A Reading in SIS Forms
The code for this report is specific to data logged in the G-324A-19 form and the incident summaries portion of that form. The incident summary portion of this form is probably the most complex data structure in the project and also contains the largest volume of quantitative information. Therefore, it seemed like a good place to start with an initial proof of concept.

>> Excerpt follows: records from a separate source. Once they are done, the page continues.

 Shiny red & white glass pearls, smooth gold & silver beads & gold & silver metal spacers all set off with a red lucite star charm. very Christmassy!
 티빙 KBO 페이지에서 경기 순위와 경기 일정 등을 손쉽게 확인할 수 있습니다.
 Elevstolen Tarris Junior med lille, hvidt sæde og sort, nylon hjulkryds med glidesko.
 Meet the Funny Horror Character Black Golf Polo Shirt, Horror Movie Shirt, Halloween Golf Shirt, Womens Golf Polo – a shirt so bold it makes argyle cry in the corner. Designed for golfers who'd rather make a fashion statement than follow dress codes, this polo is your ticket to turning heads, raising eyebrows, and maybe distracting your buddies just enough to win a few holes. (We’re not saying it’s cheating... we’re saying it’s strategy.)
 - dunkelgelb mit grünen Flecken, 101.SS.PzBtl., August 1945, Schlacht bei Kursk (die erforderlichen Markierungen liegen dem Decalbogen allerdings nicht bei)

At the outset, there were issues reading in the Google Sheet. Several of the numeric columns read into R as lists which was undesirable. In the Google Sheet, Craig set the columns to plain text
rather than auto
and the data are read into R as character columns. This seemed to resolve the issue for a time, and it was possible to use the type_convert()
function from the readr
library (Wickham, Hester, and Bryan 2022) to convert these columns to numbers. The col_types
argument of the read_sheet
function of the googlesheets4
library (Bryan 2021) was used to explicitly set the column types to character. After applying the clean_facility_names
custom function, additional transformations like converting facility to a factor are applied.

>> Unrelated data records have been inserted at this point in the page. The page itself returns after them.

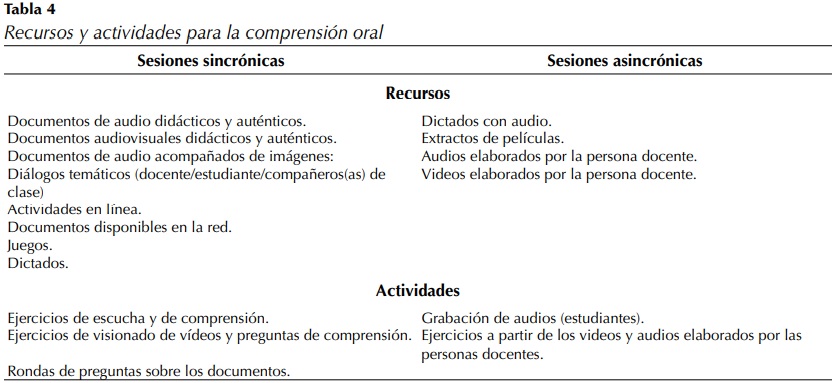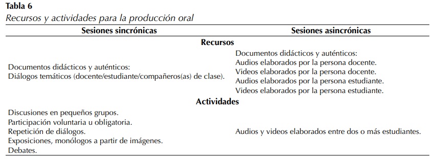 En el caso de la producción oral, los recursos y las actividades que trabaja el personal docente se describen en la tabla 6.
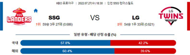 오지환 연타석포에 플럿코 10승 완벽투까지 더해지면서 전일 경기 9-0 승리로 SSG의 8연승을 저지하는데 성공한 LG의 기세를 무시할수 없지만 직구와 변화구 주소모두 같은 팔회전과 궤도에서 나와 구종 파악이 어렵다는 장점을 가지고 있는 모리만도 투수에게 생소함 이라는 추가적인 무기가 장착되는 만큼 선발 싸움에서 모리만도 투수가 우위에 있는 경기다. 또한, 전일 오원석 투수가 조기강판 패배를 기록한 이후 필승조 불펜을 아끼며 후일을 대비하는 수순을 밟은 SSG 마운드가 모리만도 투수 이후 뒷문을 지켜낼 것으로 예상된다. SSG 승리 가능성을 추천 한다.
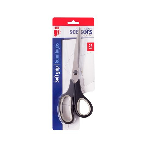 Olló, irodai, 23 cm, gumi fogós, ICO, fekete irodai olló rozsdamentes acél vágóél gumi borítású műanyag fogórész méret: 23 cm Gyártó/első EU forgalmazó elérhetősége: ICO ZRT 2013 Pomáz, ICO út 5.; EU post@ico.eu www.ico.eu

There were some issues using lubridate
(Spinu, Grolemund, and Wickham 2021) to wrangle the month and year fields to a proper date. Craig was not able to discern the cause of the issue. However, changing the month format on the incident sheet from abbreviated to fully written out months solved the issue. Those changes were made in the master Google Sheet and the data were called using the googlesheets4
library.
At present 382 SIS and inspection cover letter combinations out of approximately 300 inspections are complete. The completed inspections range in time from 2019-09-06 to 2021-07-01. Students are now working on older SIS forms which are structured differently. The preliminary EDA in this document is restricted to the more current SIS forms which were first used in May 2019.
A.1 Summary Tables
Summary tables help to provide an overview of how many instances occur within particular category of data or how frequent a particular issue is recorded at a given facility. Summary tables are generated using a combination of group_by
with summarize
with the results piped to kable
and kableExtra
. This produces results similar to a “pivot table” from Excel.
A.2 Facet Plots
Facet plots partition each portion of a plot into a matrix of panels. These plots are produced for several categories of data where each panel represents a facility for a given variable reported in the SIS form. Within each category, columns are pivoted longer and plotted by date. Graphing is done using the ggplot2
library (Wickham, Chang, et al. 2021) with the facet_wrap
function to provide a means to compare multiple facilities simultaneously. Such a plot can help identify trends and guide more specific questions.